Trade-Offs: CQRS vs. N-Tier/CRUD
Pros
- Deeper decoupling of the system to discrete services.
- Cost efficiency: Provisioning for discrete service datastores vs. monolithic all-in-one database).
- Auditability: tracking history vs. final result (think version control).
- Flexibility: able to test and rollback new ingest rules without impacting the live site.
- No large batch jobs to run and maintain to regenerate views.
- Functional/immutable models applied at the code and architectural level (consistent mental model for devs).
Cons
- Data consistency (still eventual).
- Orchestration, deployment and monitoring complexity (pre-Kubernetes).
- Solution justification.
- Additional infrastructure: Event Bus.
Logical View – Data Pipeline
Physical View
Architectural Decision: Implement Event Bus using ZeroMQ
- Fulfils ASRs for: HA, scalability, throughput.
- Functional/immutable approach to handling data and operations.
- Trade-off: very high throughput, but low flexibility. Majority of the data events were batch triggered.
- Idempotent messages, audit, accounting, replay.
- Message order guaranteed.
- No persistence, manual recovery.
- Stateless.
Messaging Infrastructure – HA Binary Star (ZeroMQ)
Outcome
- Met all delivery requirements.
- Successful Launch – investors happy.
- Peak load at launch: 2k concurrent user sessions. Deprovisioned search/rec instances.

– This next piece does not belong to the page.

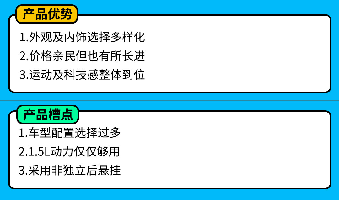 相对而言,该车的劣势并不算特别致命,只是车型配置过多容易让用户不知如何选择,同时1.5L的动力放在同级当中确实有点偏弱,只能达到仅仅够用的水平。采用非独立的后悬挂虽然同级不少车型有是如此,但如果该车能配备独立悬挂,那差距将能进一步拉大。

- Supported batch and real-time data updates, apply new rules on the fly.
- Data consistency – daily accounting to replay lost messages.
- Bottleneck: graph algorithm for concordance calculations.
- Rule changes affecting 25% of our dataset would propagate through the system in minutes, faster than update services could handle.
2018 Design?
Actors -> Streams.
ZeroMQ -> Kafka (MSK).
Custom concordance -> Spark + GraphX for parallel processing.
Kubernetes (EKS) for service orchestration and deployment (or Fargate with ECR/ECS).
Services: Custom EC2 instances -> Docker containers.
MongoDB: Atlas, or if managed: EBS -> SSD.